Task:
Write down exactly what lies from the line containing "Step inside to" to the end of the records, inclusive, and omit the pictures.

··· Given records ···

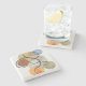 The coasters are gorgeous, a quality feel and heavy weight. They look like a precious archeological find. A rustic stone juxtaposed with a modern floral black and white print. I like the way the print goes slightly imperfect on the cut stone edges giving them a kind-of natural beauty.
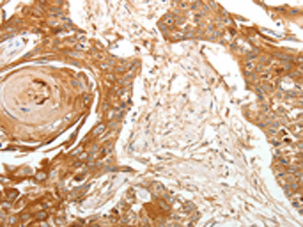 The image is immunohistochemistry of paraffin-embedded Human esophagus cancer tissue using P04490(TERT Antibody) at dilution 1/40. (Original magnification: ×200) |
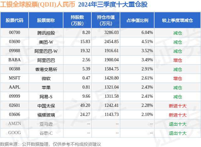 从基金规模来看,工银全球股票(QDII)人民币基金2024年三季度公布的基金规模为5.44亿元,较上一期规模5.27亿元变化了1666.68万元,环比变化了3.16%。该基金最新一期资产配置为:股票占净值比83.08%,无债券类资产,现金占净值比8.29%。从基金持仓来看,该基金当季前十大股票仓位达32.3%,第一大重仓股为腾讯控股(00700),持仓占比为6.04%。
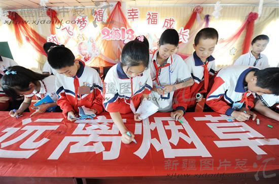 2013年5月29日,库尔勒市第八小学学生在“珍爱生命 远离烟草”的横幅上签名。当天,库尔勒市天山街道龙祥社区组织医护人员在库尔勒市第八小学,开展“5·31”戒烟日活动,通过学生教育家长和身边的人珍爱生命,远离烟草。
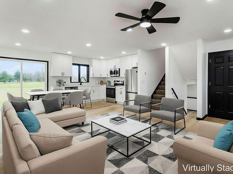 Step inside to find an open-concept living space featuring new flooring, recessed lighting, and a neutral color palette that complements any décor. The brand-new kitchen boasts granite countertops, stainless steel appliances, and a spacious island perfect for entertaining.
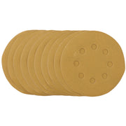 Gold Sanding Discs with Hook & Loop, 125mm, 240 Grit, 8 Dust Extraction Holes (Pack of 10)

···

Completed exercise:
 Step inside to find an open-concept living space featuring new flooring, recessed lighting, and a neutral color palette that complements any décor. The brand-new kitchen boasts granite countertops, stainless steel appliances, and a spacious island perfect for entertaining.
 Gold Sanding Discs with Hook & Loop, 125mm, 240 Grit, 8 Dust Extraction Holes (Pack of 10)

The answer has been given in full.